A new DataFrame, with the selected columns converted to strings that look like integers, compatible with the postgresql COPY FROM command.

pudl.helpers.month_year_to_date(df: pandas.DataFrame) pandas.DataFrame[source]

Convert all pairs of year/month fields in a dataframe into Date fields.

This function finds all column names within a dataframe that match the regular expression ‘_month$’ and ‘_year$’, and looks for pairs that have identical prefixes before the underscore. These fields are assumed to describe a date, accurate to the month. The two fields are used to construct a new _date column (having the same prefix) and the month/year columns are then dropped.

Todo

This function needs to be combined with convert_to_date, and improved: * find and use a _day$ column as well * allow specification of default month & day values, if none are found. * allow specification of lists of year, month, and day columns to be combined, rather than automataically finding all the matching ones. * Do the Right Thing when invalid or NA values are encountered.

Parameters:

fields. (The DataFrame in which to convert year/months fields to Date)

Returns:

A DataFrame in which the year/month fields have been converted into Date fields.

pudl.helpers.convert_to_date(df: pandas.DataFrame, date_col: str = 'report_date', year_col: str = 'report_year', month_col: str = 'report_month', day_col: str = 'report_day', month_na_value: int = 1, day_na_value: int = 1) pandas.DataFrame[source]

Convert specified year, month or day columns into a datetime object.

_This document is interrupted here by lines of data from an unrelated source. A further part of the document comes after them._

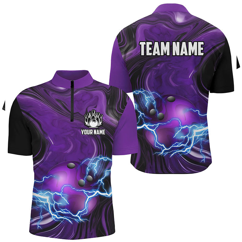 Purple Camo lightning thunder ball bowling Polo, Quarter Zip shirts for men custom bowling team jersey NQS7930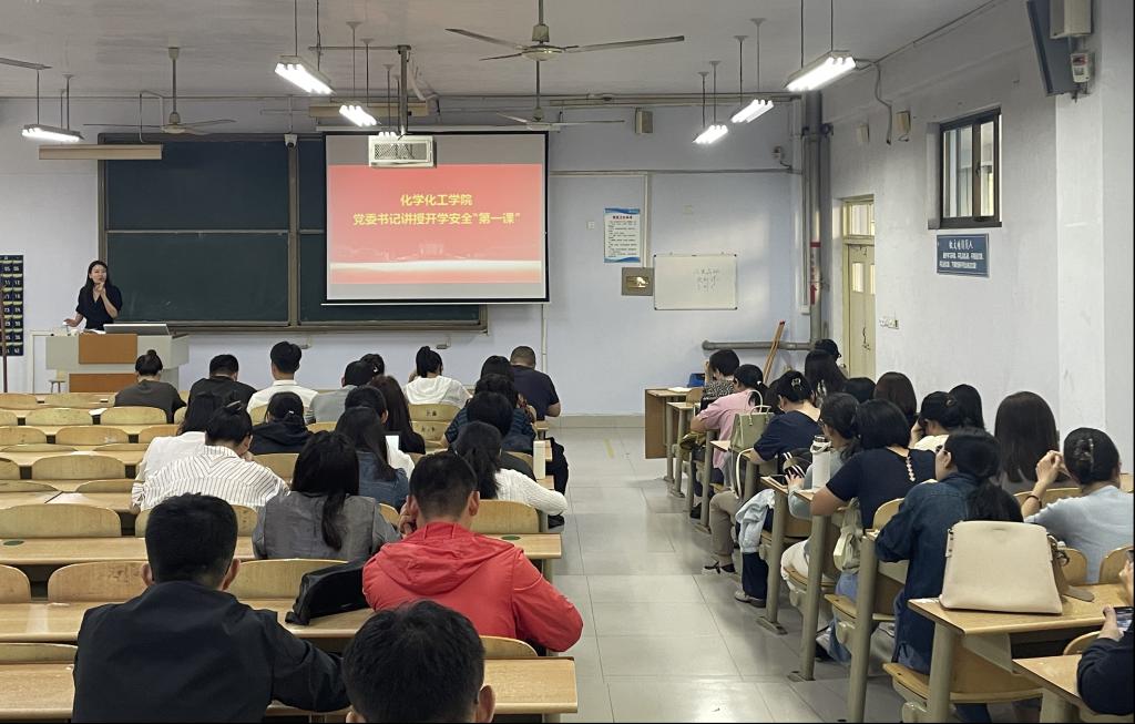 为筑牢校园安全防线,强化教师队伍建设,9月30日,化学化工学院于求实楼101教室举行秋季学期开学“安全第一课”。学院党委书记主讲,全体教师及辅导员参加。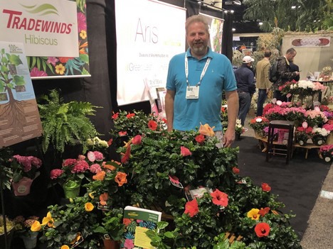 A customer visiting the booth with the potted plant line of Tradewinds Hibiscus™ with Aris genetics.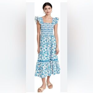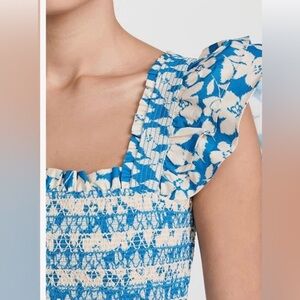 Shoshanna Hilma flutter sleeve smocked midi dress size 14

If the input date_col already exists in the input dataframe, then no conversion is applied, and the original dataframe is returned unchanged. Otherwise the constructed date is placed in that column, and the columns which were used to create the date are dropped.

Parameters:
  • df – dataframe to convert

  • date_col – the name of the column you want in the output.

  • year_col – the name of the year column in the original table.

  • month_col – the name of the month column in the original table.

  • day_col – the name of the day column in the original table.

  • month_na_value – generated month if no month exists or if the month value is NA.

  • day_na_value – generated day if no day exists or if the day value is NA.

Returns:

A DataFrame in which the year, month, day columns values have been converted into datetime objects.

pudl.helpers.remove_leading_zeros_from_numeric_strings(df: pandas.DataFrame, col_name: str) pandas.DataFrame[source]

Remove leading zeros frame column values that are numeric strings.

Sometimes an ID column (like generator_id or unit_id) will be reported with leading zeros and sometimes it won’t. For example, in the Excel spreadsheets published by EIA, the same generator may show up with the ID “0001” and “1” in different years This function strips the leading zeros from those numeric strings so the data can be mapped accross years and datasets more reliably.

Alphanumeric generator IDs with leadings zeroes are not affected, as we found no instances in which an alphanumeric ID appeared both with and without leading zeroes. The ID “0A1” will stay “0A1”.

Parameters:
  • df – A DataFrame containing the column you’d like to remove numeric leading zeros from.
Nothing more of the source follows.